The Guernsey Literary and Potato Peel Pie Society
by Mary Anne Shaffer and Annie Barrows
The title scared me. It sounded kind weird/ flimsy/ too girlie for my tastes. But it had great reviews and I am a sucker for reviews. So..I read it and I loved it. The entire story is told through a series of letters. The story takes place in the aftermath of World War II. I loved the people of Guernsey, the history, the love stories and I found myself hungry for more when the book ended. I highly recommend this one!
From Publisher's Weekly
The letters comprising this small charming novel begin in 1946, when single, 30-something author Juliet Ashton writes to her publisher to say she is tired of covering the sunny side of war and its aftermath. When Guernsey farmer Dawsey Adams finds Juliet's name in a used book and invites articulate—and not-so-articulate—neighbors to write Juliet with their stories, the book's epistolary circle widens, putting Juliet back in the path of war stories.
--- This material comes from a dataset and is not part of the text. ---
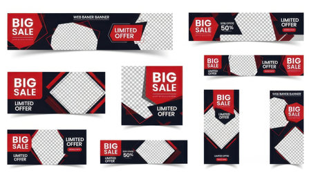 set of creative web banners of standard size with a place for photos. Business ad banner. Vertical, horizontal and square template. vector illustration EPS 10

The occasionally contrived letters jump from incident to incident—including the formation of the Guernsey Literary and Potato Peel Pie Society while Guernsey was under German occupation—and person to person in a manner that feels disjointed. But Juliet's quips are so clever, the Guernsey inhabitants so enchanting and the small acts of heroism so vivid and moving that one forgives the authors (Shaffer died earlier this year) for not being able to settle on a single person or plot. Juliet finds in the letters not just inspiration for her next work, but also for her life—as will readers.